> Required action:
Instruction for the entries below: return the part that opens with the line containing "Visit Proof |" and closes with the line containing "Once an Abstract", exactly, and no pictures.

> Source information:

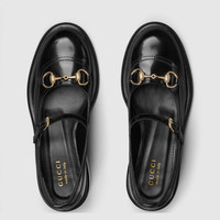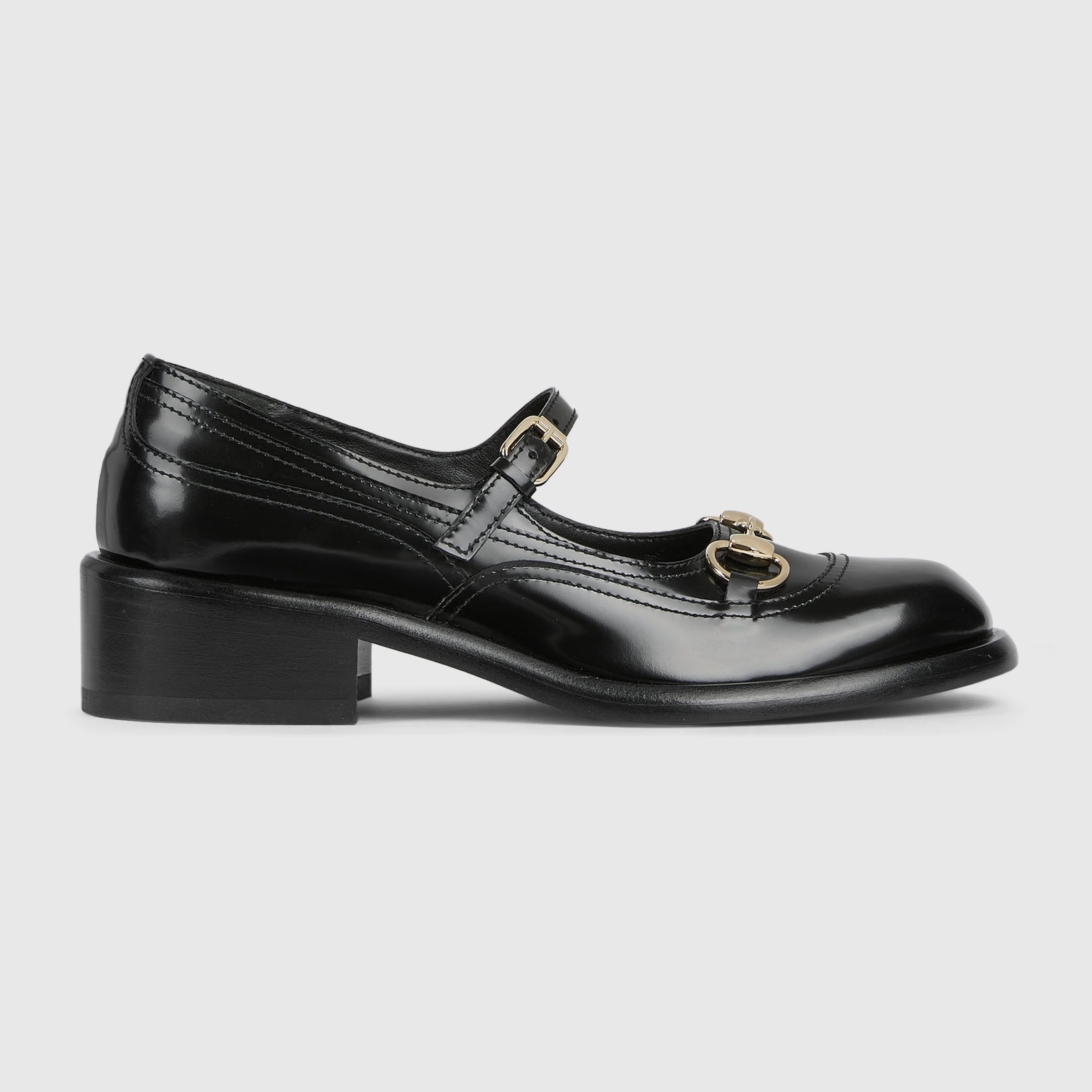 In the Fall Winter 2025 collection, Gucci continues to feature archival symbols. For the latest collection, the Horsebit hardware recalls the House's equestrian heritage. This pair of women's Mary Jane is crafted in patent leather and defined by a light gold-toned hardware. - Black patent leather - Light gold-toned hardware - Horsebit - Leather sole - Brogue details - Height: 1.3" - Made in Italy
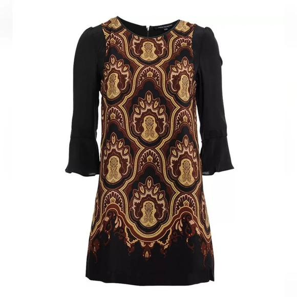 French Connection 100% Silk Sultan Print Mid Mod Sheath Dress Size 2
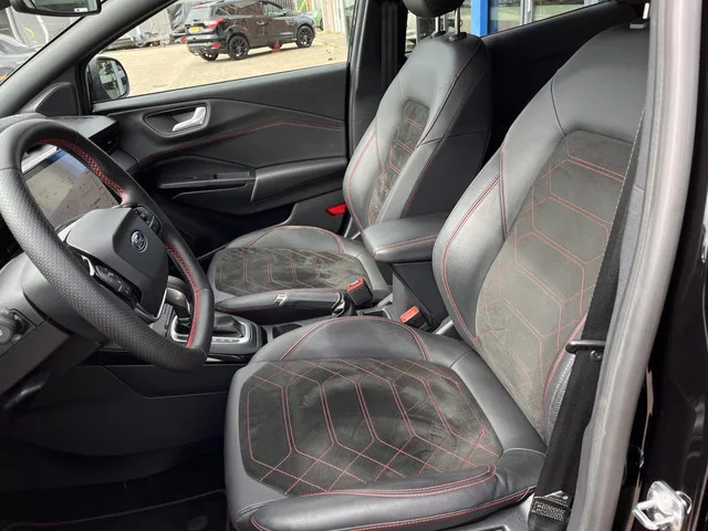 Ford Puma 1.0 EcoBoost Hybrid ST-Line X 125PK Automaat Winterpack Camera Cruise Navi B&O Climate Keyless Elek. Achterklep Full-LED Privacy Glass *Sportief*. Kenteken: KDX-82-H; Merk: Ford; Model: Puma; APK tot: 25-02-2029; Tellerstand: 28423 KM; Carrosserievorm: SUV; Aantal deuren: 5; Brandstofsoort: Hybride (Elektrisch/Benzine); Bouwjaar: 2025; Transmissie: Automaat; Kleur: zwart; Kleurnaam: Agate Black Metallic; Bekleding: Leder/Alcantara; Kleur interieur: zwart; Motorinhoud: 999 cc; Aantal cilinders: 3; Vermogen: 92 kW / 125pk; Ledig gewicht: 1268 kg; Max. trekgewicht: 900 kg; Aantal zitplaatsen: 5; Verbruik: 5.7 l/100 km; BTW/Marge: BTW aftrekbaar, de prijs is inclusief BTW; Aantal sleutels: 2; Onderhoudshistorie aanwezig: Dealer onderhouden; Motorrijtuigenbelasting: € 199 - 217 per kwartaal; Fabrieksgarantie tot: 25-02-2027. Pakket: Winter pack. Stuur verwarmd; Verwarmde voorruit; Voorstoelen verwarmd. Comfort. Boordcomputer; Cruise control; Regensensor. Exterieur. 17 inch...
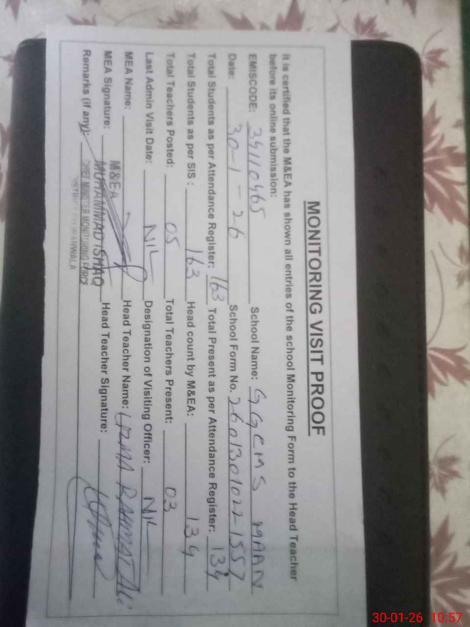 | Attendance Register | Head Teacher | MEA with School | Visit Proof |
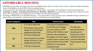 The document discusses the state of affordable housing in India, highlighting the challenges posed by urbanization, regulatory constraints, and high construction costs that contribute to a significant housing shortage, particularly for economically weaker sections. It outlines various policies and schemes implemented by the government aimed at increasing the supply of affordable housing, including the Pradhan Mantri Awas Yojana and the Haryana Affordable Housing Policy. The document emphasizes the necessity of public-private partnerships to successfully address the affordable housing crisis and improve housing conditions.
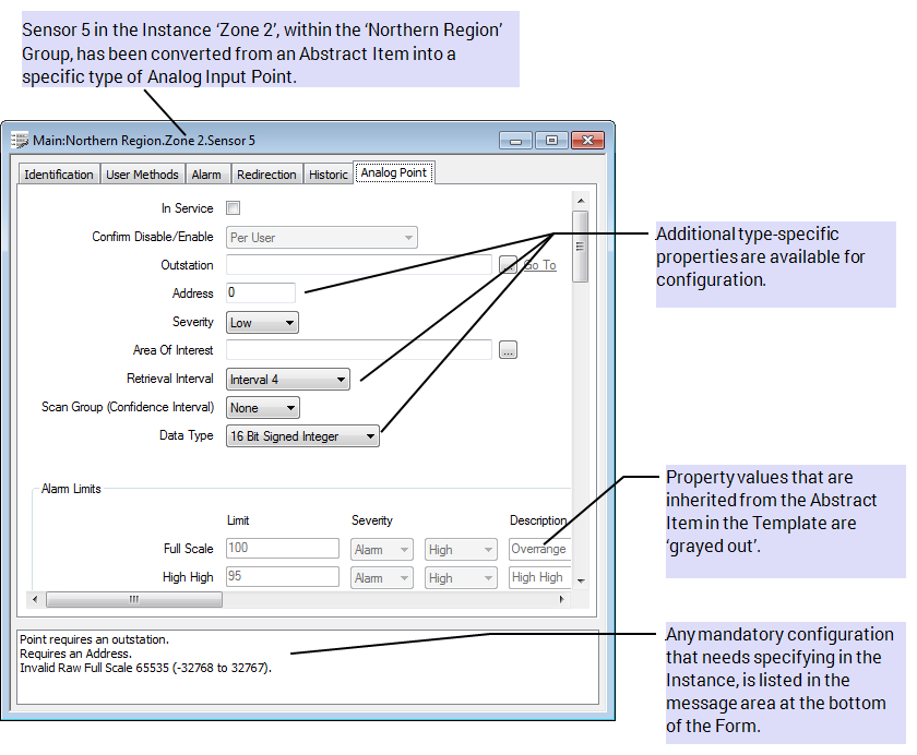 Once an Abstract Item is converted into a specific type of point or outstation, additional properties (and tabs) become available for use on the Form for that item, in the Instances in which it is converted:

--

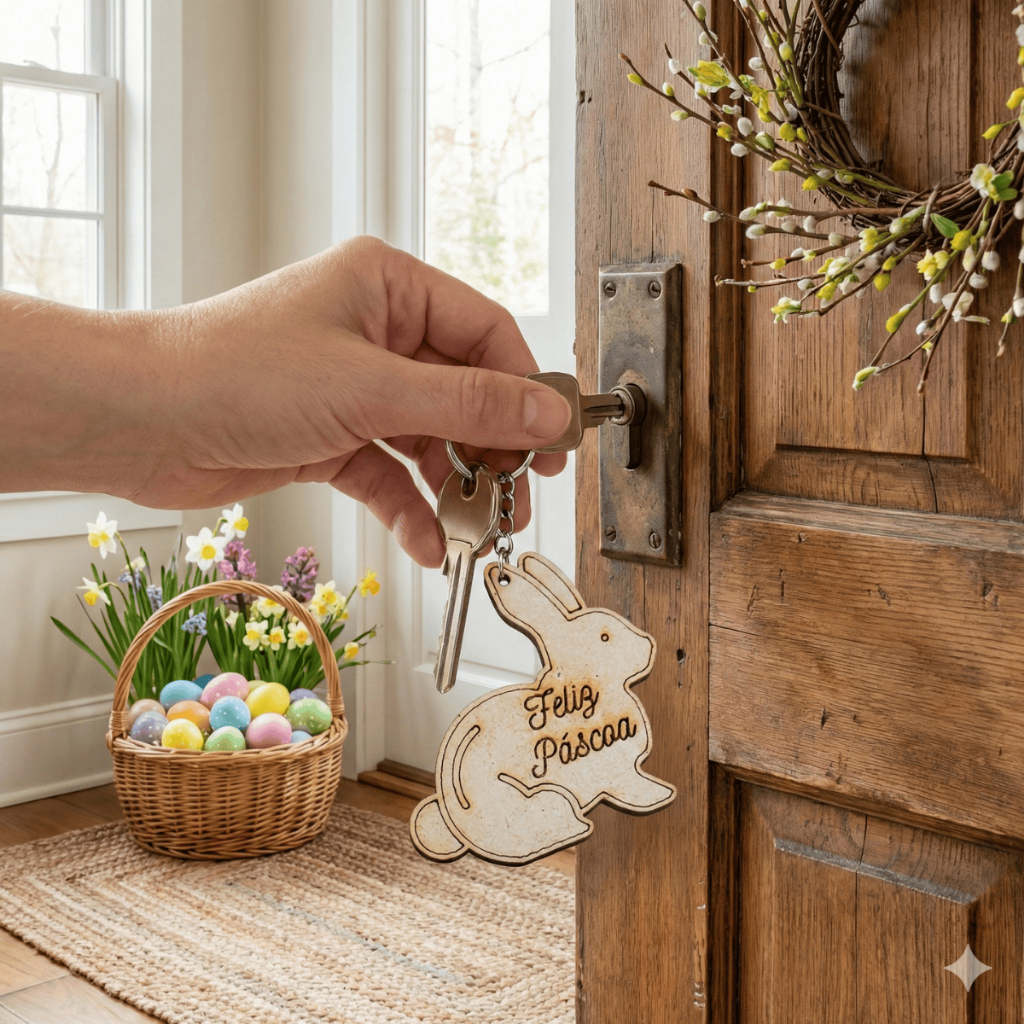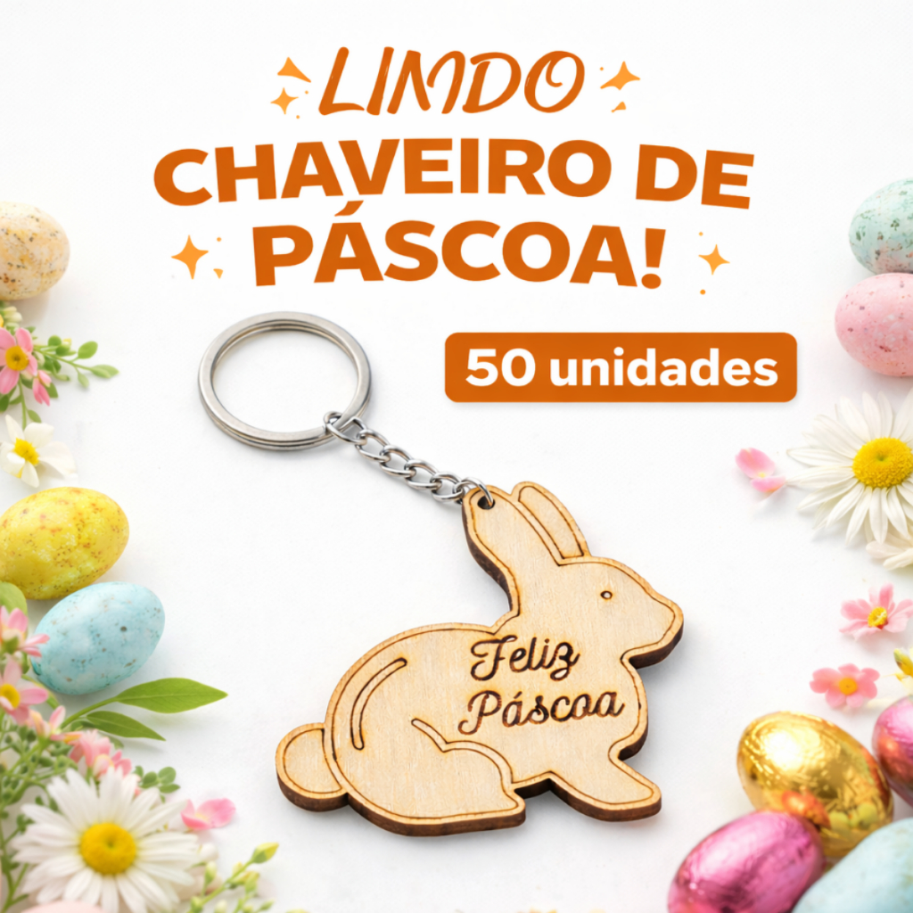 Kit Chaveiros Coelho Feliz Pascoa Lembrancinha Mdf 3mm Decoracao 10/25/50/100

> Exercise result:
 | Attendance Register | Head Teacher | MEA with School | Visit Proof |
 The document discusses the state of affordable housing in India, highlighting the challenges posed by urbanization, regulatory constraints, and high construction costs that contribute to a significant housing shortage, particularly for economically weaker sections. It outlines various policies and schemes implemented by the government aimed at increasing the supply of affordable housing, including the Pradhan Mantri Awas Yojana and the Haryana Affordable Housing Policy. The document emphasizes the necessity of public-private partnerships to successfully address the affordable housing crisis and improve housing conditions.
 Once an Abstract Item is converted into a specific type of point or outstation, additional properties (and tabs) become available for use on the Form for that item, in the Instances in which it is converted:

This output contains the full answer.